Monday, June 7, 2021

Monterey? BTDT. Try Project Monterey.

Apple's announcement of the next version of macOS, Monterey, means my 2014 MacBook Air now gets to join my Quad G5 in the "not supported" category (not that I care, it's Mojave Forever). But it's a good reminder of the previous Project Monterey, a multicorporation attempt to make the One Unix To Bind Them All from IBM AIX, SCO (then the putative holders of the True Unix) and DYNIX/ptx that would run on the One Architecture To Bind Them All, IA-64 (a/k/a Itanium). In case you weren't yet with the new hotness, it would run on your old and busted 32-bit x86 hardware, too.

Today you'd laugh your fool head off at the very thought of "Itanic" taking over the world, but when it was announced in October 1998 Monterey was a credible threat. By having IBM, SCO, Sequent (which IBM bought) and Intel as backers its ascent to dominance seemed inevitable, and its ability to run on existing and future hardware along with the jackboots of AIX and the multiprocessing strength of Dynix was thought to be strongly appealing to high-end enterprise IT. (The issue of IBM's then-contemporary POWER server line and Intel's Pentium server offerings potentially in direct competition was handwaved away.) A long list of the usual hangers-on backed it at the time as well, including Acer, Compaq, Groupe Bull, Samsung and Unisys.

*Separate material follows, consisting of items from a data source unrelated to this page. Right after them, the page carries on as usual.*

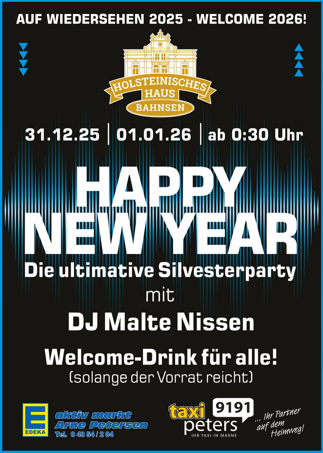 Die ultimative Silvesterparty mit Malte Nissen. Feiert mit uns das neue Jahr 2026. Einlass ab 00:30 Uhr am Neujahrstag. Welcome-Drink für alle (solange der Vorrat reicht)
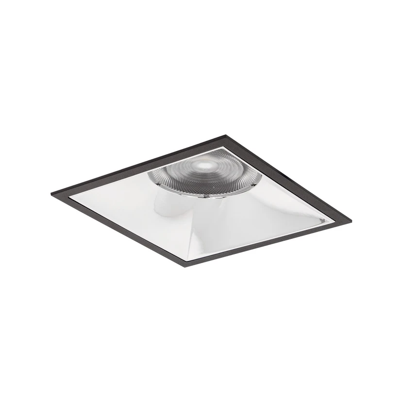 Kvadratisk innfelt LED-downlight Apollo Maxi, glatt reflektor, DALI-dimbar Den kvadratiske innfelte LED-downlighten Apollo Maxi kan monteres i taket uten verktøy ved hjelp av monteringsfjærer. Den sølvfargede reflektoren med rotasjonssymmetrisk, smal og bredstrålende lysfordeling gir godt lys i mange ulike rom, og det transparente plastdekselet sørger for optimal lysfordeling - spesielt god fargegjengivelsesindeks CRI > 90 - levetid L80/B10 ved 25 °C: 50 000 timer, levetid L80/B50 ved 25 °C: 50 000 timer - husmateriale: aluminium / glass / plast - tillatt omgivelsestemperatur (ta): -20 °C - +25 °C - inkl. elektronisk forkobling, DALI-dimbar
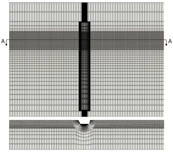 For the structural computations, the numerical wave flume is modeled by expanding the near field domain in Figure 3 up to 3D and by including the equivalent monopile model presented in Figure 2. As , with D the structural diameter, viscosity is not negligible, but as the Keulegan-Carpenter (KC) number corresponding to the peak of the input spectrum is still small () no vortex shedding is to be expected. Taking into account the absence of asymmetric vortex shedding and the structural symmetry, it is appropriate to model only half of the domain and the structure, applying symmetry boundary conditions at the symmetry surface, and thus saving considerate computational resources. The resulting three-dimensional mesh is shown in Figure 4. As can be seen in Figure 4, throughout the mesh in the x-direction the target refinement is withheld. For the y- and z-direction, gradual refinement is adopted towards this target refinement in the vicinity of the monopile and the wave surface. As part of the benchmark, this target refinement about the monopile and the free surface will be varied.
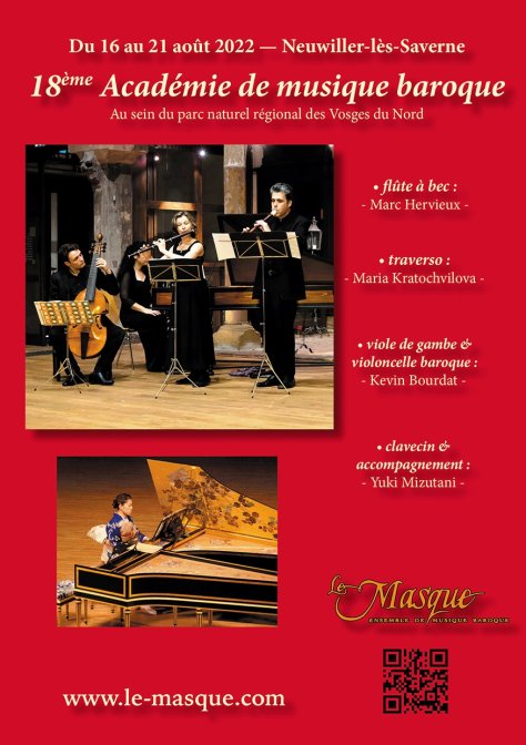 L’ ensemble de musique baroque le Masque anime cet été un stage de musique baroque à Neuwiller-lès-Saverne, dans le nord de l’Alsace du 15 au 21 août.
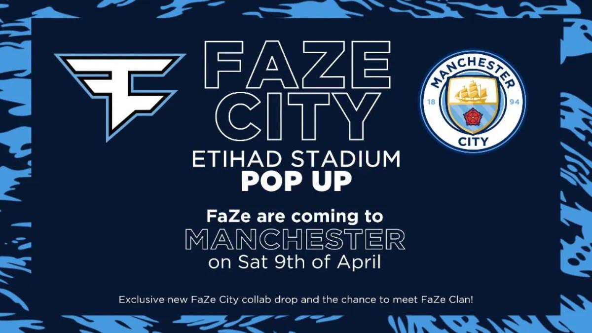 The North American esports organization FaZe Clan has announced a joint event with the English football club Manchester City. As part of the collaboration, the two sides will open a merchandise store ahead of the club's upcoming match against Liverpool FC scheduled for April 10.
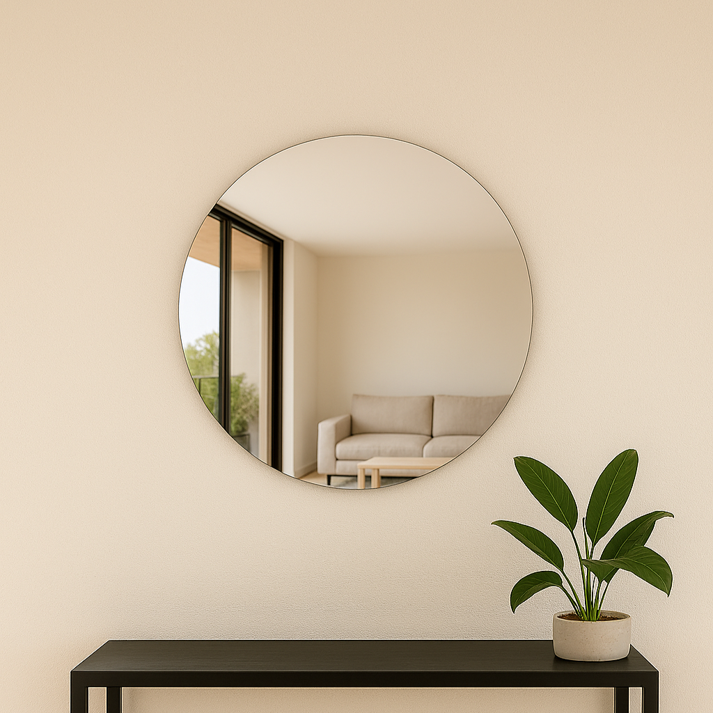 Gracias a su bastidor interno oculto, el espejo no queda pegado directamente al muro, generando un sutil efecto flotante que lo eleva visualmente. Perfecto para baños, entradas, dormitorios o espacios modernos que valoran los detalles discretos pero bien pensados.

The damn thing actually shipped, too, because most of it was based on already extant code. Project Monterey's first release was to essentially repackage AIX on POWER, and UnixWare 7 and DYNIX/ptx on x86; in 2000 the next wave and the "real" Project Monterey was AIX 5L for IA-64, which IBM actually sold on request and apparently had some small number of running systems in the wild.

Oddly, what doomed Project Monterey was Linux on IA-64, the so-called "Trillian Project" that emerged in mid-1999. Intel, always one to hedge its bets, was part of that effort along with Silicon Graphics, VA Linux and Hewlett-Packard, but most of the work was done by Cygnus before their eventual purchase by Red Hat. SGI and HP, of course, made their own Itanium machines; HP, to its current chagrin, still does. As if in response IBM promised Monterey would have strong Linux compatibility, but if you needed Linux compatibility as a primary feature, why not just run Linux? A Caldera executive was quoted in InfoWorld that year saying, "I would expect over the next one to two years [Linux for IA-64] will catch up and in some cases exceed Monterey, for no other reason than the sheer number of people contributing to Linux."

And, well, that's exactly what happened; Itanium outlasted Monterey, and Monterey went down in flames. IBM sold less than 50 licenses by the time Monterey was quietly shot in the head in 2003, though some sources say IBM had already pulled out as early as 2001. Its breakdown directly led to the SCO vs IBM lawsuit in which SCO went bankrupt and in a related case was found never to have had the Unix license to grant to IBM in the first place. Itanium, for its part, will cease shipments a little over a month from now on July 29, 2021.

Somehow I just don't see this Monterey being that interesting.